▸ TASK ITEM
From the first line to the last, give the material again exactly, without the images.

══ INFORMATION SHOWN ══

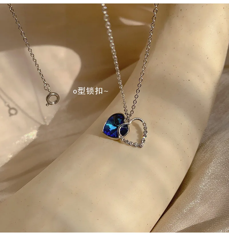 Цепочка на шею Женская, дизайнерская, с кулоном в виде сердца цвета синего океана, корейская бижутерия
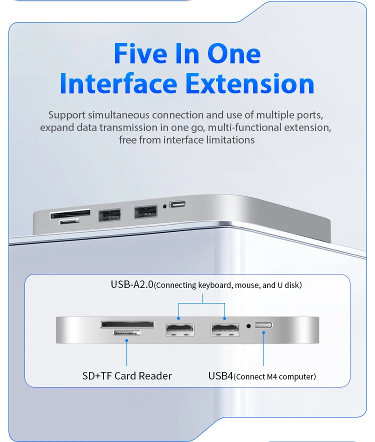 Features 5 ports for easy connectivity to multiple devices, including USB4, USB-A 2.0 ,SD and TF.
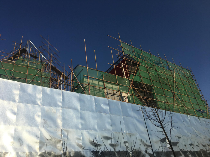 近日,新京报记者来到中海·望京府的建设工地实地探访。东北五环外,紧邻地铁15号线以南,观唐东路东侧,高高的围挡将工地遮得严严实实,但可以看到一幢楼已基本成型,“冒”出围挡,工人正在楼顶赶工作业。记者获悉,这是中海·望京府在4月中旬即将开放的样板间。
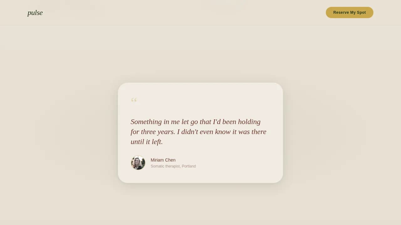 | Hero Testimonial Card | Opens with emotional social proof and primary "Reserve My Spot" call to action |
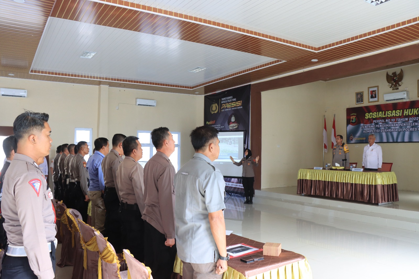 Sehingga Polres Metro melakukan sosialisasi Peraturan Kepolisian (Perpol) Nomor 10 tahun 2022 tentang pengamanan penyelenggaraan kompetisi olahraga bertempat di Aula Santika Satyawada, Rabu (24/5/2023) pagi.
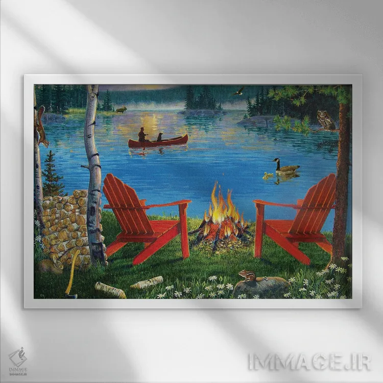 تابلو دکوراتیو صندلی های آدیرونداک کنار دریاچه اثر جی. چارلز

═══

▸ WRITTEN RESPONSE
 Цепочка на шею Женская, дизайнерская, с кулоном в виде сердца цвета синего океана, корейская бижутерия
 Features 5 ports for easy connectivity to multiple devices, including USB4, USB-A 2.0 ,SD and TF.
 近日,新京报记者来到中海·望京府的建设工地实地探访。东北五环外,紧邻地铁15号线以南,观唐东路东侧,高高的围挡将工地遮得严严实实,但可以看到一幢楼已基本成型,“冒”出围挡,工人正在楼顶赶工作业。记者获悉,这是中海·望京府在4月中旬即将开放的样板间。
 | Hero Testimonial Card | Opens with emotional social proof and primary "Reserve My Spot" call to action |
 Sehingga Polres Metro melakukan sosialisasi Peraturan Kepolisian (Perpol) Nomor 10 tahun 2022 tentang pengamanan penyelenggaraan kompetisi olahraga bertempat di Aula Santika Satyawada, Rabu (24/5/2023) pagi.
 تابلو دکوراتیو صندلی های آدیرونداک کنار دریاچه اثر جی. چارلز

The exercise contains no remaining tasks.